# Test

### 音頻數據的準備與處理
你可以使用 `torchaudio` 來處理音頻數據，將其加載並轉換為頻譜圖。`torchaudio` 可以非常方便地處理音頻格式。

In [76]:
import torchaudio
import torch
import torch.nn.functional as F

# 加載音頻
waveform_clean, sample_rate = torchaudio.load("test_clean.wav")
waveform_noisy, sample_rate = torchaudio.load("test_noisy.wav")
waveform_mixed, sample_rate = torchaudio.load("test_mixed.wav")

# 全局參數設置
n_fft = 1024
win_length = None  # 設置為 None 時，默認等於 n_fft
hop_length = 512
n_mels = 80  # 確保這個值與模型定義時使用的值相同
half_n_mels = n_mels // 2
sample_rate = 44100  # 請確保這個值正確

# 生成 Mel Spectrogram
mel_spectrogram_transform = torchaudio.transforms.MelSpectrogram(
    sample_rate = sample_rate,
    n_fft = n_fft,
    win_length = win_length,
    hop_length = hop_length,
    n_mels = half_n_mels,
    f_min = 0,
    f_max = sample_rate/2
)
mel_spectrogram_clean = mel_spectrogram_transform(waveform_clean)
mel_spectrogram_noisy = mel_spectrogram_transform(waveform_noisy)
mel_spectrogram_mixed = mel_spectrogram_transform(waveform_mixed)

# 確保兩個頻譜圖具有相同的大小
target_size = (mel_spectrogram_clean.shape[-1] // 8) * 8  # 確保大小是8的倍數
mel_spectrogram_clean = mel_spectrogram_clean[..., :target_size]
mel_spectrogram_noisy = mel_spectrogram_noisy[..., :target_size]
mel_spectrogram_mixed = mel_spectrogram_mixed[..., :target_size]

# 如果仍然需要調整大小，可以使用插值
# if mel_spectrogram_clean.shape != mel_spectrogram_noisy.shape:
#     mel_spectrogram_noisy = F.interpolate(mel_spectrogram_noisy.unsqueeze(0), 
#                                           size=mel_spectrogram_clean.shape[-2:],
#                                           mode='bilinear',
#                                           align_corners=False).squeeze(0)

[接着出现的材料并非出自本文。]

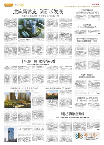 13日《揚州日報》刊發“揚州建工”專版 時間:2015-02-15 3439 2月13日《揚州日報》C3整版刊發“揚州建工”專版,主要包括《適應新常態 創新求發展——建工控股系統2014年逆市奮進再創新佳績》、《華建地產著力打造本土高尚樓盤》、江蘇華建再獲“全國建筑業先進企業”稱號等內容,歡迎關注當日《揚州日報》或網站http://www.yznews.com.cn/yzrb/html/2015-02/13/node_199.htm。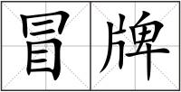 挨牌 捱牌 竹牌 纸牌 正牌 主牌 贞节牌坊 诈冒 闸牌子 占冒 砸牌子 云牌 月份牌 玉项牌 远乡牌 招牌 鱼牌 欝冒 玉牌 郁冒 韵牌 酉牌时分 遮箭牌 硬牌 遮冒 隐冒 摘牌 银牌 印牌 银牌馆 迎风冒雪 酉字牌 衣牌 杂牌 腰牌 杂牌军 叶子牌 掩冒 佯风诈冒 验牌 烟月牌 牙牌 燕尾牌 押牌宝 亚牌 亚字牌 髹牌 眩冒 虚冒 衒冒 宣牌 信牌 行牌 行香挂牌 歇息牌 小牌 香位牌 象牙牌 宪牌 洗牌 袭冒 檄牌 衔牌 象牌 诬冒 下马牌 未牌 帷冒 王牌 王明“左”倾冒险主义 罔冒 亡人牌 伪冒 顽冒 猥冒 万民牌伞 外汇牌价 团牌

mel_spectrogram_noisy2 = mel_spectrogram_noisy
mel_spectrogram_clean2 = mel_spectrogram_clean
mel_spectrogram_mixed2 = mel_spectrogram_mixed

print("Clean Mel Spectrogram shape:", mel_spectrogram_clean.shape)
print("Noisy Mel Spectrogram shape:", mel_spectrogram_noisy.shape)
print("Mixed Mel Spectrogram shape:", mel_spectrogram_mixed.shape)

noisy_data = torch.cat((mel_spectrogram_noisy, mel_spectrogram_noisy), 1)
clean_data = torch.cat((mel_spectrogram_clean, mel_spectrogram_clean), 1)
mixed_data = torch.cat((mel_spectrogram_mixed, mel_spectrogram_mixed), 1)
# noisy_data = torch.cat((mel_spectrogram_noisy, mel_spectrogram_noisy2), 1)
# clean_data = torch.cat((mel_spectrogram_clean, mel_spectrogram_clean2), 1)
# mixed_data = torch.cat((mel_spectrogram_mixed, mel_spectrogram_mixed2), 1)

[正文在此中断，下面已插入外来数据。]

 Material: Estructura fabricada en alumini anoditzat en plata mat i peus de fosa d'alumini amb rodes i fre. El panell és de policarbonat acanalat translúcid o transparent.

print("Noisy data shape:", noisy_data.shape)
print("Clean data shape:", clean_data.shape)
print("Mixed data shape:", mixed_data.shape)

# 確保這兩個形狀完全相同
assert noisy_data.shape == clean_data.shape and clean_data.shape == mixed_data.shape, "Shapes of noisy and clean data do not match"

Clean Mel Spectrogram shape: torch.Size([2, 40, 376])
Noisy Mel Spectrogram shape: torch.Size([2, 40, 376])
Mixed Mel Spectrogram shape: torch.Size([2, 40, 376])
Noisy data shape: torch.Size([2, 80, 376])
Clean data shape: torch.Size([2, 80, 376])
Mixed data shape: torch.Size([2, 80, 376])


### 構建 Denoise Autoencoder 模型
這是一個簡單的自編碼器的 PyTorch 模型範例，使用了卷積層來處理音頻的頻譜數據：

In [77]:
import torch.nn as nn

class DenoiseAutoencoder(nn.Module):
    def __init__(self):
        super(DenoiseAutoencoder, self).__init__()
        # 編碼器
        self.encoder = nn.Sequential(
            nn.Conv2d(2, 16, kernel_size=3, stride=2, padding=1),  # 修改這裡的in_channels為2
            nn.ReLU(),
            nn.Conv2d(16, 32, kernel_size=3, stride=2, padding=1),
            nn.ReLU(),
            nn.Conv2d(32, 64, kernel_size=3, stride=2, padding=1),
            nn.ReLU()
        )
        # 解碼器
        self.decoder = nn.Sequential(
            nn.ConvTranspose2d(64, 32, kernel_size=3, stride=2, padding=1, output_padding=1),
            nn.ReLU(),
            nn.ConvTranspose2d(32, 16, kernel_size=3, stride=2, padding=1, output_padding=1),
            nn.ReLU(),
            nn.ConvTranspose2d(16, 2, kernel_size=3, stride=2, padding=1, output_padding=1),  # 修改這裡的out_channels為2
            nn.Sigmoid()  # Sigmoid將輸出值範圍限制在[0, 1]
        )
        
    def forward(self, x):
        x = self.encoder(x)
        x = self.decoder(x)
        return x


### 準備數據
你可以將嘈雜音頻和乾淨音頻分別準備成訓練集的輸入和標籤。這裡的 `DataLoader` 用來批量加載數據。

In [78]:
from torch.utils.data import DataLoader, Dataset

class AudioDataset(Dataset):
    def __init__(self, noisy_data, clean_data):
        self.noisy_data = noisy_data
        self.clean_data = clean_data
    
    def __len__(self):
        return len(self.noisy_data)
    
    def __getitem__(self, idx):
        return self.noisy_data[idx], self.clean_data[idx]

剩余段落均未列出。